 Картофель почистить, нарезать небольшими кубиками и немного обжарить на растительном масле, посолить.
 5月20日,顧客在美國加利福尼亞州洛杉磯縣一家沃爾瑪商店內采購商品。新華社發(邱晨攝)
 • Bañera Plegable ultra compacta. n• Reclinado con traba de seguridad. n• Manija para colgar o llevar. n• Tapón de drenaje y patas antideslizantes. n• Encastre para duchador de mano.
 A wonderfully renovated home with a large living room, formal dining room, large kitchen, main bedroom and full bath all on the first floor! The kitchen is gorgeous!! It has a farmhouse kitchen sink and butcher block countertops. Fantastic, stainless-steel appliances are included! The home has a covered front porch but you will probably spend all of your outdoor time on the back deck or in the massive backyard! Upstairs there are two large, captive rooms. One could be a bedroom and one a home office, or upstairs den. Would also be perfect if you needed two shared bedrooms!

##############################

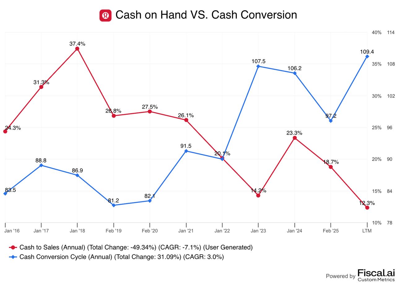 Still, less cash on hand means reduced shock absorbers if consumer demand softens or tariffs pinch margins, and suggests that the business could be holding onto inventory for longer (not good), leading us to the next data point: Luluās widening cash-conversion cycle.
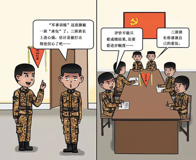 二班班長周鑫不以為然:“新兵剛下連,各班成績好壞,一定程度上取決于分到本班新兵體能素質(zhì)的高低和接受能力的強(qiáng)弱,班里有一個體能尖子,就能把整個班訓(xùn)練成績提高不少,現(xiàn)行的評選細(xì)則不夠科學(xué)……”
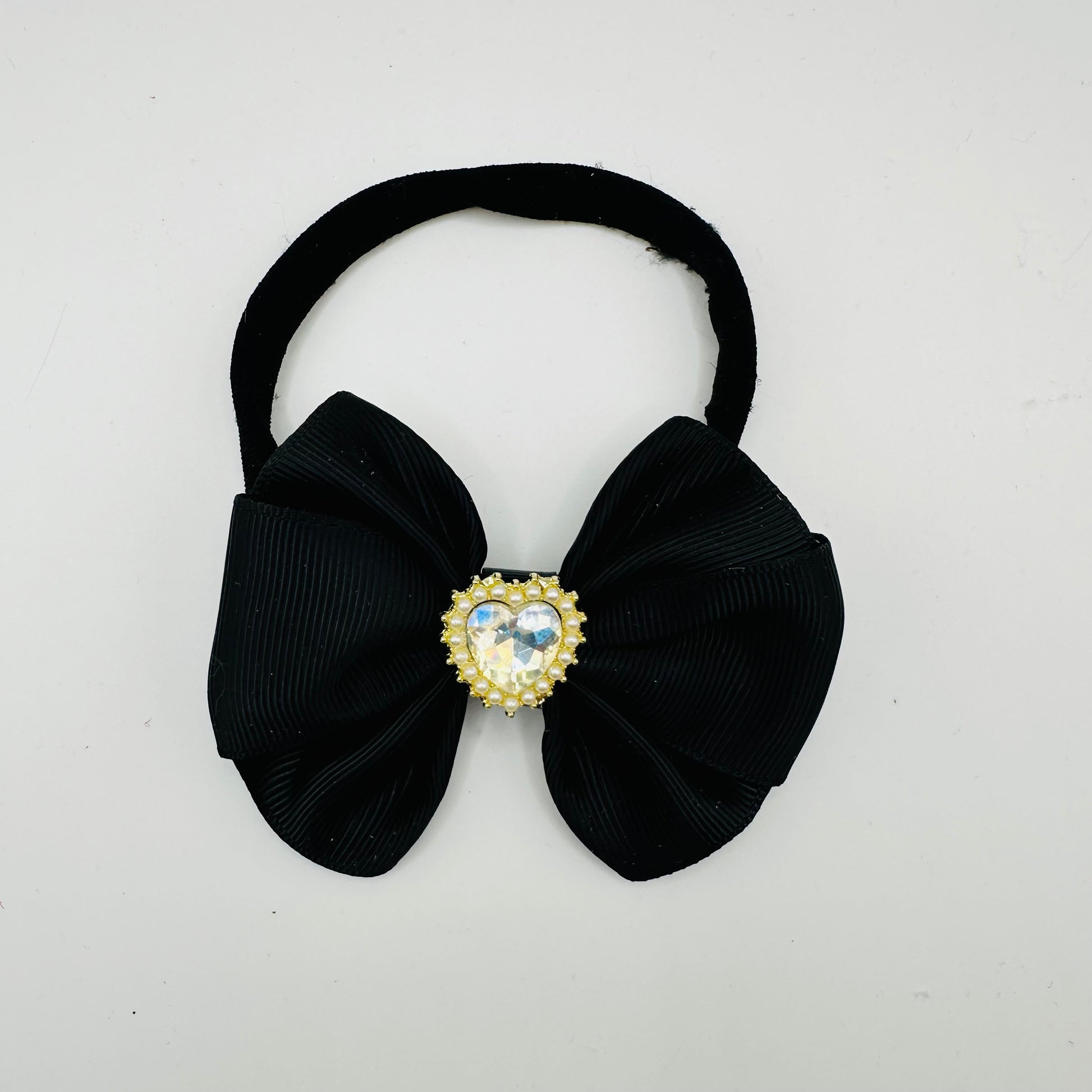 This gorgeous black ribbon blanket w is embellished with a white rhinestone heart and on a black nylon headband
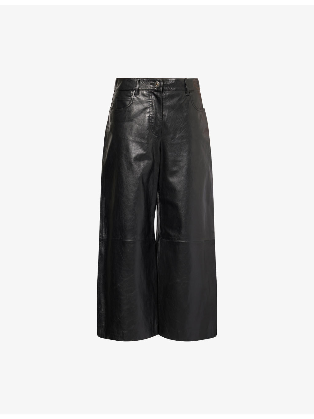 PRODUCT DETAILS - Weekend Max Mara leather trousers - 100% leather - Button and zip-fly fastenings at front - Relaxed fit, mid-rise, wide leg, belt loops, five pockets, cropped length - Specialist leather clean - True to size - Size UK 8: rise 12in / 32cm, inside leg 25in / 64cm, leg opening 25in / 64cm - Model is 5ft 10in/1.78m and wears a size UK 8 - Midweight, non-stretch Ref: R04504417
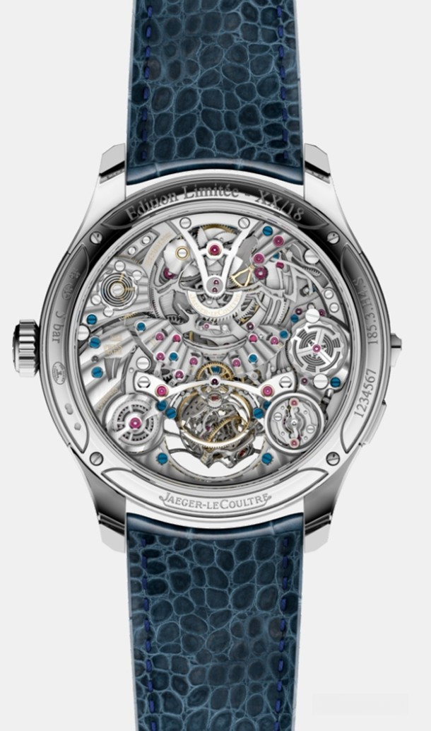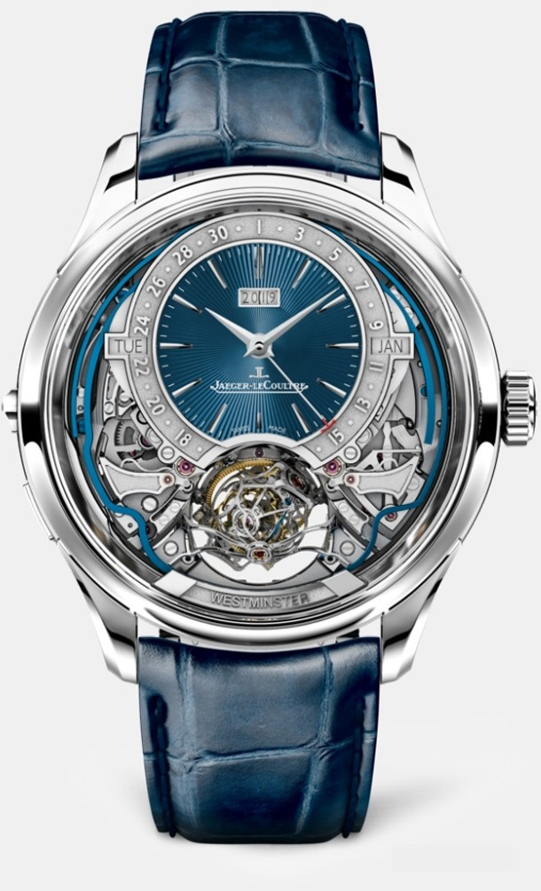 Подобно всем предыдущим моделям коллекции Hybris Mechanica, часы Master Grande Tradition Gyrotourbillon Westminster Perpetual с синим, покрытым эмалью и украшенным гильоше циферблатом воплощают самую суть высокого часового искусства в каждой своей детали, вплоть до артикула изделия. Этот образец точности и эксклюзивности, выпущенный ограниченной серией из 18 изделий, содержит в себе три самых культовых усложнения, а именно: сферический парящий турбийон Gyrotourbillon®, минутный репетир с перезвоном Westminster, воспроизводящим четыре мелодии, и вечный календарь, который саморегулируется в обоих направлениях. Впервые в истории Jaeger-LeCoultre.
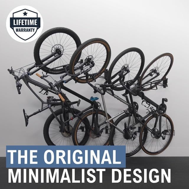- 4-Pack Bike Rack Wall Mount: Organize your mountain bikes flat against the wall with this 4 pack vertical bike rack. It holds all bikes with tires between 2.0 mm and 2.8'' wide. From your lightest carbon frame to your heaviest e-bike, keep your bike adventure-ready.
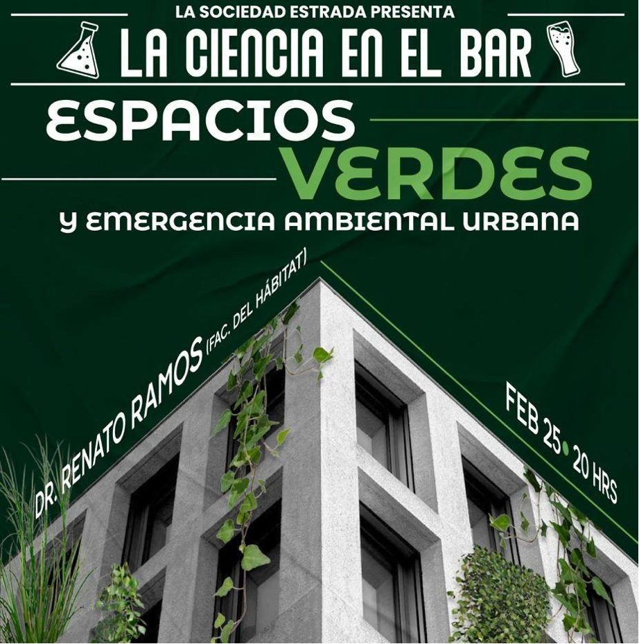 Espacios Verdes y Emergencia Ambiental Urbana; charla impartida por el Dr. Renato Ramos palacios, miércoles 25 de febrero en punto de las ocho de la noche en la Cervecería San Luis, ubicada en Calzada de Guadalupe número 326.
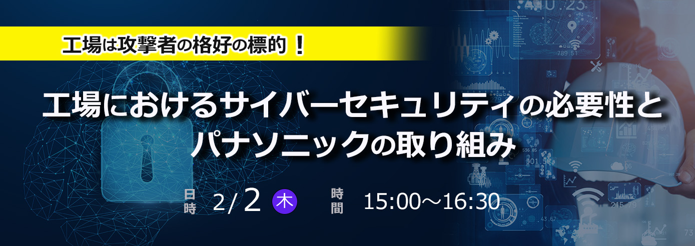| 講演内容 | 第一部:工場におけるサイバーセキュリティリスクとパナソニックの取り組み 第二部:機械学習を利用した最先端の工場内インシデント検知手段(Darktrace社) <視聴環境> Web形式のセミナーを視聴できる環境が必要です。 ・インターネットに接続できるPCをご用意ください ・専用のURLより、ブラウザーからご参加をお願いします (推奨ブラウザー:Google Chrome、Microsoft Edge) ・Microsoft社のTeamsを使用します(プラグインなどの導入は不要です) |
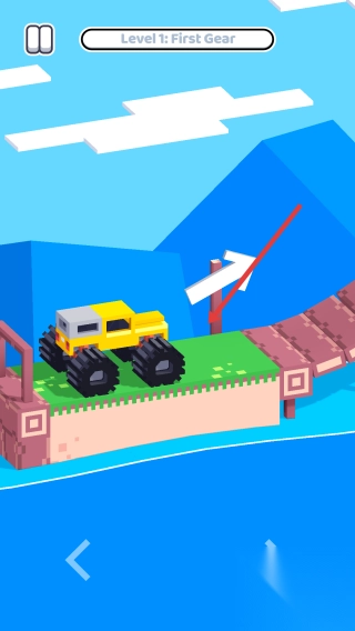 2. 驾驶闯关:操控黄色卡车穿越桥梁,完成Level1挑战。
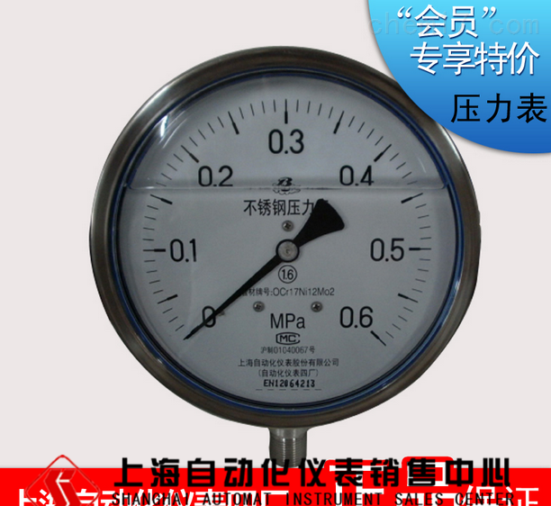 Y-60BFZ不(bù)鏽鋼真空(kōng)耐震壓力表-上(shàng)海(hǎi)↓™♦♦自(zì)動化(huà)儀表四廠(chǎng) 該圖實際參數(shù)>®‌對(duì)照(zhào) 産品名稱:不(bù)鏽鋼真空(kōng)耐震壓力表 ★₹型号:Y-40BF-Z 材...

##############################

* _Exercise directions_
Starting at the line above that has "Espacios Verdes y" and ending at the line that has "産品名稱:不(bù)鏽鋼真空(kōng)耐震壓力表 ★₹型号:Y-40BF-Z 材...", copy each line exactly, leaving the pictures out and adding nothing.

* _Response box_
 Espacios Verdes y Emergencia Ambiental Urbana; charla impartida por el Dr. Renato Ramos palacios, miércoles 25 de febrero en punto de las ocho de la noche en la Cervecería San Luis, ubicada en Calzada de Guadalupe número 326.
| 講演内容 | 第一部:工場におけるサイバーセキュリティリスクとパナソニックの取り組み 第二部:機械学習を利用した最先端の工場内インシデント検知手段(Darktrace社) <視聴環境> Web形式のセミナーを視聴できる環境が必要です。 ・インターネットに接続できるPCをご用意ください ・専用のURLより、ブラウザーからご参加をお願いします (推奨ブラウザー:Google Chrome、Microsoft Edge) ・Microsoft社のTeamsを使用します(プラグインなどの導入は不要です) |
 2. 驾驶闯关:操控黄色卡车穿越桥梁,完成Level1挑战。
 Y-60BFZ不(bù)鏽鋼真空(kōng)耐震壓力表-上(shàng)海(hǎi)↓™♦♦自(zì)動化(huà)儀表四廠(chǎng) 該圖實際參數(shù)>®‌對(duì)照(zhào) 産品名稱:不(bù)鏽鋼真空(kōng)耐震壓力表 ★₹型号:Y-40BF-Z 材...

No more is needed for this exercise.